Lisp has your back here; we can hoist the compilation of the regex to load time using load-time:
(fieldrx (load-time (regex-compile "...RE...")))
load-time makes a difference in interpreted code, not just compiled files. Even in interpreted code, the regex-compile expression will be evaluated once only and then the cached value used:
Thanks for that! Do you have advice for learning it? How did you get started, and what made you decide to stick with it instead of other languages?
I'm happy to try to use it for Advent of Code 2024, but it would help if I could at least get oriented so I'm not going in totally cold (and thereby likely to fall off the wagon after 3 days because each one takes 2 hours in an unfamiliar language).
The data science use case is particularly interesting and not something I had considered here. Arrow bindings help immensely. Of course at work I'll probably never get a chance to use anything other than Python and R for many years to come; maybe Julia is the most exotic I think I'd ever be able to go, and that's only if I ever hit a performance bottleneck in Python that can't be remediated with Numba.
That gives a flavor of how those kinds of problems can be approached.
The solutions are all self-contained; they don't share any AoC-specific library or anything, and were developed with a throwaway program mindset, where we just solve that problem and don't try to produce anything that is reusable other than by copy paste into the next program.
If you already know a lisp such as scheme, much of it should already be familiar to you.

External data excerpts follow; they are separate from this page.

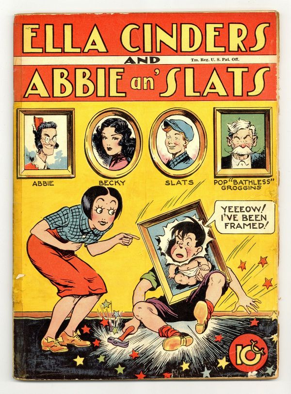 Ends Mar 23 9:23 PM CST Bid History 6 bids Current Bid $32 Your Secret Max Bid If you'd like to bid, please log in or register. Cover by Raeburn Van Buren. Stories and art by Raeburn Van Buren, Charlie Plumb and Bill Conselman. United's anthology series presented a different comic strip in every issue. This issue focuses on two: Depression-era rags-to-riches hero Ella Cinders, and comedy-drama Abbie an' Slats. Ella's brother Blackie takes a tour of the museum with his friends, but their reenactments of the sculptures aren't appreciated by the other patrons. Blackie has a close encounter with an escaped lion at the circus. Abbie an' Slats features Slats, his small-town sweetheart Becky, and Becky's reprobate father "Bathless Groggins," with exceptionally nice art by Raeburn Van Buren. Wealthy Cissy decides to have Bathless and Becky run out of town so she can have Slats to herself. Ella Cinders; Chris Crusty; Abbie an' Slats. Final issue of the series. 64 pages, Full Color. Cover price $0.10.
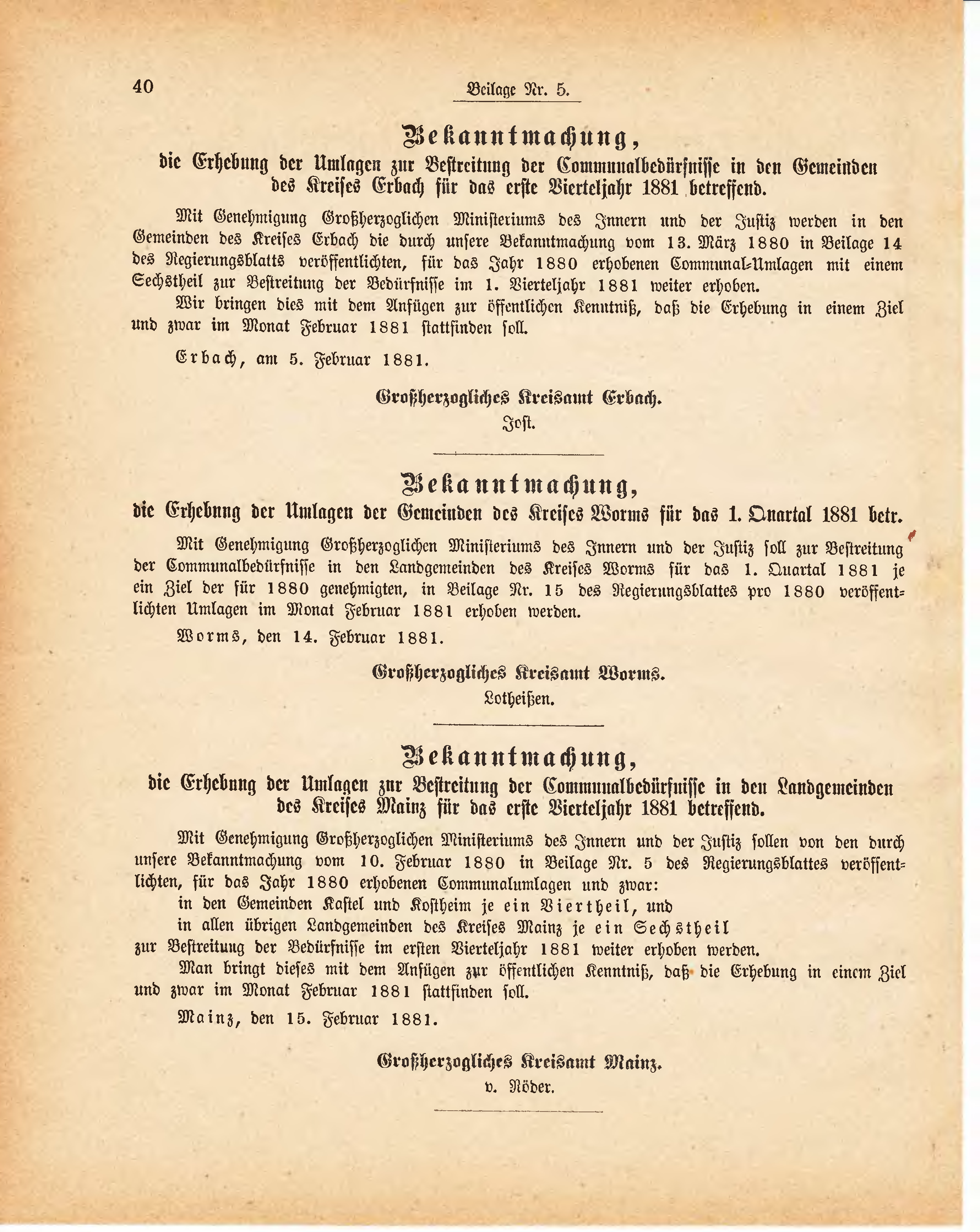 Mit Genehmigung Großherzoglichen Ministeriums des Innern und der Justiz soll zur Bestreitung der Communalbedürfnisse in den Landgemeinden des Kreises Worms für das 1. Quartal 1881 je ein Ziel der für 1880 genehmigten, in Beilage Nr. 15 des Regierungsblattes pro 1880 veröffentlichten Umlagen im Monat Februar 1881 erhoben werden.
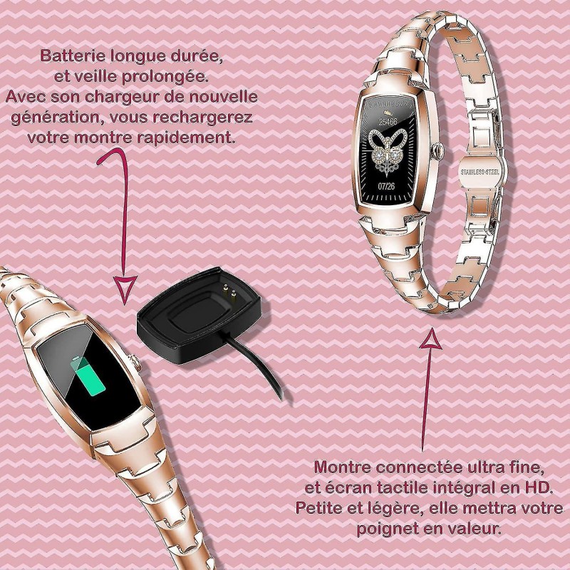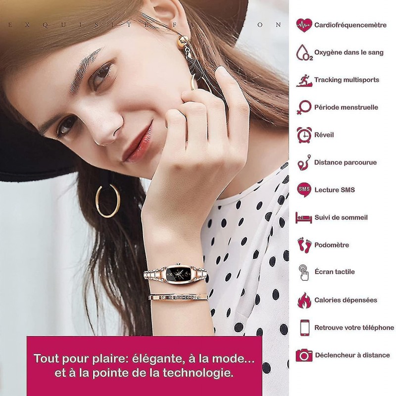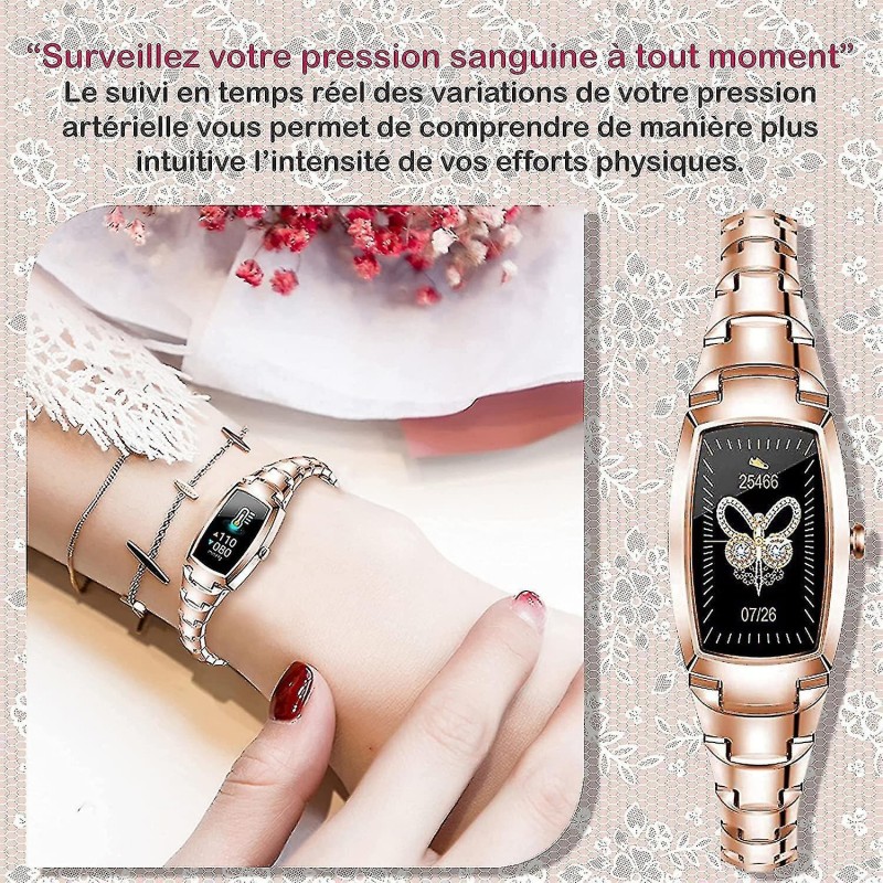 Pametni sat i praćenje zdravlja Ovaj pametni sat točno bilježi cjelodnevne aktivnosti poput koraka, udaljenosti, potrošenih kalorija, otkucaja srca, statusa spavanja i još mnogo toga. Ovaj pametni sat podržava više sportskih načina rada. Nešto što će vas motivirati cijeli dan. Ovaj pametni sat je izvrsna ideja za poklon. Obavijesti o pozivima i porukama Ovi pametni satovi (ružičasto zlato ili srebro) vibriraju kada primate dolazne pozive ili poruke (Facebook, Twitter, WhatsApp, Line, Skype, Twitter, WeChat itd.). Sadržaj poruke možete vidjeti izravno na satu. Ako ste zauzeti, možete izravno prekinuti poziv. Ovi elegantni, visokotehnološki ženski satovi s IP67 zaštitom imaju najpametnije značajke na tržištu, kao što su sinkronizirane vremenske prognoze, podsjetnici za sjedenje, vibracijski budilica, potpuno upravljanje glazbom i kamerom te upravljanje telefonom putem zaslona sata, štoperica, podešavanje svjetline (podignite zglob za posvijetljenje zaslona), magnetsko brzo punjenje i još mnogo toga. Više od samo ženskog sata Ovaj pametni sat ima 1,09-inčni (2,54 cm) IPS HD zaslon osjetljiv na dodir i izrađen je od nehrđajućeg čelika za bolje korisničko iskustvo - a sve to uz zadržavanje elegantnog izgleda. Mjerenje krvnog tlaka, kisika u krvi i menstrualnog ciklusa također su dio aplikacija sata: dobivate sveobuhvatno praćenje. Dugo trajanje baterije i široka kompatibilnost Ženski Bluetooth sat kompatibilan je s Androidom 4.4 ili IOS-om 8.0 i novijim verzijama (potreban je Bluetooth 4.0 ili noviji) i prikladan je samo za povezivanje s pametnim telefonom, a ne s računalom, iPadom ili tabletom. Skenirajte QR kôd ili preuzmite/instalirajte aplikaciju "F Fit" iz trgovine mobilnih aplikacija. Otvorite je i omogućite Bluetooth. Kliknite "Dodaj uređaj" i odaberite sat. Uživajte.

You can program in a lisp-1/scheme like way using square brackets, and a lisp-2/common lisp way using round brackets.
The thing that really makes txr lisp different is the pattern language DSL, and that was what motivated me to learn it because I had a specific use case (processing my personal bank statements).
The manpage is huge due to the large amount of builtin functions and features to make up for the lack of external libraries, but there is a lot of overlap with other lisps.

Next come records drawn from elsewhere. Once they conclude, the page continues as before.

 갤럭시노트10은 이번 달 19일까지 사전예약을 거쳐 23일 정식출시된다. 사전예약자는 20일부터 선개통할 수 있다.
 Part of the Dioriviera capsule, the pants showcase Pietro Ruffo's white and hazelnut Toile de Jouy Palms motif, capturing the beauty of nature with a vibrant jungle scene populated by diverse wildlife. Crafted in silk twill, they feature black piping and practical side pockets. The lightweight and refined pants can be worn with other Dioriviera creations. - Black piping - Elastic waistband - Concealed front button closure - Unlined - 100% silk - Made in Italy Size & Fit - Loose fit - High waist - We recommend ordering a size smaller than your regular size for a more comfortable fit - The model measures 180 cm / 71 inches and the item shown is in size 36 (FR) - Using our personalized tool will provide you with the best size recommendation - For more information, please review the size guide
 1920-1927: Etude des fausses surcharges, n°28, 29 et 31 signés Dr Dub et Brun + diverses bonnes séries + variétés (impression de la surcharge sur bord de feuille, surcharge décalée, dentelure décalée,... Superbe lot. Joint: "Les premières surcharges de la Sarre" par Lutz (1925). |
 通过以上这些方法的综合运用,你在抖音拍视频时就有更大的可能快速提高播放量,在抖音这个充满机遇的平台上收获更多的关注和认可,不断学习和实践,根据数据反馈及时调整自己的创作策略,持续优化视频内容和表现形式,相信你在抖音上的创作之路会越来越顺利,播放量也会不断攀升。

I learnt by reading the manpage, looking at examples on stackoverflow and rosetta stone, and playing around with it in the REPL. The pattern matching language takes some getting used to, and it helps to have a good understanding of what its doing under the hood, otherwise you can get very frustrated.
Also it uses non-standard regular expressions which lack features such as repetition operators and capture groups, but you can work around this (e.g. by using the pattern language).
I recommend finding some non-time-critical use case to motivate you, and work on it in your spare time. Learn how to use the txr repl & command syntax, and create a directory containing some example text files to quickly test things and get a better understanding of how it works. Also create a file for keeping notes about txr & its quirks which you can easily refer to.
Just to clarify, the pattern language is a more powerful alternative to using regexps (but you can mix them). My bank statements are pdf's which can be converted to ascii using pdftotext, however this destroys the structure of the documents which makes extracting data using regexps (even pcre's) very difficult, but much easier using txr.